Extensão em Educação de Adultos e Educação Popular (NUPEP/UFPE). Para ele, a proposta de educação popular, EJA, de acordo com a legislação, é similar à da França, analisada por Canário (2000, p. 25-26, apud SOUZA 2007, p. 353) que defende a necessidade de o sujeito discente adulto transformar-se num coprodutor de sua formação. Para isso, Canário considera que os dispositivos educativos deveriam ser coproduzidos com os discentes e que se deveria romper com a lógica da disciplina. O trabalho educativo seria direcionado menos para a aquisição de conteúdos e mais para a compreensão do meio ambiente físico e social, e para a construção de estratégias adequadas de ação. Nesse sentido, a noção de experiência é fator central; portanto, a educação centra-se no sujeito que aprende. É construída, assim, uma pedagogia da pessoa como totalidade, não apenas para as aquisições acadêmicas, mas para a sua vida como um todo. Dessa forma, o trabalho do educador volta-se para as representações e valores, e aprender corresponde a passar de representações como imagens concretas para conceitualizações abstratas que permitem estabelecer relações entre os dados empíricos e os conceitos. Ou seja, o sujeito discente exercitaria a possibilidade própria humana de conceituar.
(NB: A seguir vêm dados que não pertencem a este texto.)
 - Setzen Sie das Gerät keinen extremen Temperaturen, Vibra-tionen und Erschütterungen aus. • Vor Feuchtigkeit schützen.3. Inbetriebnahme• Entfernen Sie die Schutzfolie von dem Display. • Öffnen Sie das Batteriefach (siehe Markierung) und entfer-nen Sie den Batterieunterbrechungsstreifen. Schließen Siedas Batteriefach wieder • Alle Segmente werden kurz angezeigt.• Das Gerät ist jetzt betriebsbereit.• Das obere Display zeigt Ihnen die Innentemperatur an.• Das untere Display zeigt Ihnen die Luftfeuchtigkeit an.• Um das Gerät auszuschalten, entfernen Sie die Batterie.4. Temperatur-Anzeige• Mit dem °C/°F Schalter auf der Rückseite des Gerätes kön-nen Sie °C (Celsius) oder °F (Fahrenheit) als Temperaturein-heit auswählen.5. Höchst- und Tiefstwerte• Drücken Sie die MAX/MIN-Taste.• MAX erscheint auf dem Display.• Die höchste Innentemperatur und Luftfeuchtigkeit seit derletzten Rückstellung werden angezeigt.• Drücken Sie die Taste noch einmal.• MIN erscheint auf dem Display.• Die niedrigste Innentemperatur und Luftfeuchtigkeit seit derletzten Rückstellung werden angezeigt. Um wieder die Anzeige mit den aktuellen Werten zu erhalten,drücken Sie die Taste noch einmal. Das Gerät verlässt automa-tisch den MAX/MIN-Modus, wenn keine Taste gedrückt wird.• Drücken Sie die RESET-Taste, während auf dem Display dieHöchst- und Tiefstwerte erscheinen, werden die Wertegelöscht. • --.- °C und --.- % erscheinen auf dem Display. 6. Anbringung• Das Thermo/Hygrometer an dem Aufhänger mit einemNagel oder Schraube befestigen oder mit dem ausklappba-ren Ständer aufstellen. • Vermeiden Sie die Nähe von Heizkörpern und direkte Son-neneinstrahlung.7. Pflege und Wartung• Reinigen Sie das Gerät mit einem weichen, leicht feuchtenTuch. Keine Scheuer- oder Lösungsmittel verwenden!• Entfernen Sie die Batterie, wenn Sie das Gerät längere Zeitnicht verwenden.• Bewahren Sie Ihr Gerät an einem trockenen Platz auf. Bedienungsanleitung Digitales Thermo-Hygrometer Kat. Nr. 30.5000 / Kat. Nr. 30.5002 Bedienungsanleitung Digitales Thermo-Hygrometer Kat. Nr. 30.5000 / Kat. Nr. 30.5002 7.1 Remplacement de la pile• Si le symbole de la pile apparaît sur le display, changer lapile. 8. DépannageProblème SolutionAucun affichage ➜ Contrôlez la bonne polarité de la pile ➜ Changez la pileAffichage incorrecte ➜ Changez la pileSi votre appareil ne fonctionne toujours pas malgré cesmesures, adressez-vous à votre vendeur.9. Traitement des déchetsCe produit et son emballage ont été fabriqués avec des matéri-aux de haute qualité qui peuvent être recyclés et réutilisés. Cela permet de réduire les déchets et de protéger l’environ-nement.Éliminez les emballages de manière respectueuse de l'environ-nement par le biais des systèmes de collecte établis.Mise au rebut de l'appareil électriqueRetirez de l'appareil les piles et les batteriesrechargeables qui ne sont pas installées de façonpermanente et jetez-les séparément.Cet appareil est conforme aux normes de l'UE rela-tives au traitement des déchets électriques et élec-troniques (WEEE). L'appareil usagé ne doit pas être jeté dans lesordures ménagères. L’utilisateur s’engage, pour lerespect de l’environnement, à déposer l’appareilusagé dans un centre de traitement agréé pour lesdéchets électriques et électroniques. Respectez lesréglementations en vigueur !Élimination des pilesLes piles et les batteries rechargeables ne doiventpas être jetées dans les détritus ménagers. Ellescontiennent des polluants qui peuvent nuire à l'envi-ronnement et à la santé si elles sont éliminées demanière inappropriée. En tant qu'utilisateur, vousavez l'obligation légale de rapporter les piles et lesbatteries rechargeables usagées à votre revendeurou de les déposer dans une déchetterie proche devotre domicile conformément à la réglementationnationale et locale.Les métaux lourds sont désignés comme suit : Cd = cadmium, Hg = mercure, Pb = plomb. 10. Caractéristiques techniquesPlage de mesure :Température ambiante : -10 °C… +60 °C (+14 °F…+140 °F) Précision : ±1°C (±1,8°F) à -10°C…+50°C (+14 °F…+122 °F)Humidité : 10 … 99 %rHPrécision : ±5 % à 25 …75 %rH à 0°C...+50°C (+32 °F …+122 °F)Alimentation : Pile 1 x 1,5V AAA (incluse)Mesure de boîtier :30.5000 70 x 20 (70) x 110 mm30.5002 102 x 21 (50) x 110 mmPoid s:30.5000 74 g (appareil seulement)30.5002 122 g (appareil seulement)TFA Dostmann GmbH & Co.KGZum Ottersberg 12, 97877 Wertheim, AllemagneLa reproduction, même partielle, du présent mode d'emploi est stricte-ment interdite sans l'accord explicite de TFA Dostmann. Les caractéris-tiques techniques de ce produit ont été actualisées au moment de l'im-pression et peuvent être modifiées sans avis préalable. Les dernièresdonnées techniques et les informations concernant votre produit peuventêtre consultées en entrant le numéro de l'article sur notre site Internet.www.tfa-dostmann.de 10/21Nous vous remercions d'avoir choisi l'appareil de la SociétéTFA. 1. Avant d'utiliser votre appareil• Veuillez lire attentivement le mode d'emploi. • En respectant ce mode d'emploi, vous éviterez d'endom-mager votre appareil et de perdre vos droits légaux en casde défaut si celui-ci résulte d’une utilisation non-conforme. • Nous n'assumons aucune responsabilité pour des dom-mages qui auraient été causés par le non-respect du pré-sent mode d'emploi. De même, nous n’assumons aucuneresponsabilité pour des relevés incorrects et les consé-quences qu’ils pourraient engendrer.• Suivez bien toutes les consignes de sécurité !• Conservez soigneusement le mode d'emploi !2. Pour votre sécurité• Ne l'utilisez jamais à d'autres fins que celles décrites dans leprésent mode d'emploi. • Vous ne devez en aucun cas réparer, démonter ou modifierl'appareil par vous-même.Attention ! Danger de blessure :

Acreditamos que se somam a essa pedagogia as questões da própria possibilidade humana de aprender, que nos parece estar para além do meio ambiente físico e social.

Temos, portanto, como desafio nodal, que parece coincidir com a proposta do NUPEP/UFPE, a contribuição da educação para a construção da pessoa como totalidade, sendo o jovem ou adulto produtor de sua formação humana (SOUZA, 2007, p. 354).

Assim, para o autor, o processo de humanização é tarefa do ser humano de forma organizada no tempo e no espaço, e nós somos os protagonistas.

Identificamos no processo apresentado por Quintás os três tipos de conteúdos (instrumentais, educativos e operativos) considerados por Souza, mesmo que por ele não sejam assim nomeados. Quintás diz que precisamos conhecer o veículo expressivo (conteúdo instrumental) não só para ler as palavras como para ler o mundo. Somos seres de encontro; estabelecer âmbitos é, pois, a nossa meta (conteúdo operativo). Portanto, nossa ação no mundo é interventiva. E, por fim, saber que somos seres de encontro com os âmbitos, que temos possibilidades de agir interventivamente para a criação de novos e melhores âmbitos nos leva a compreender, interpretar, explicar as contradições, ambiguidades, conflitividades e possibilidades das realidades com as quais vivemos (conteúdo educacional) (QUINTÁS, 2004, p. 18-19; SOUZA, 2007, p. 222-223).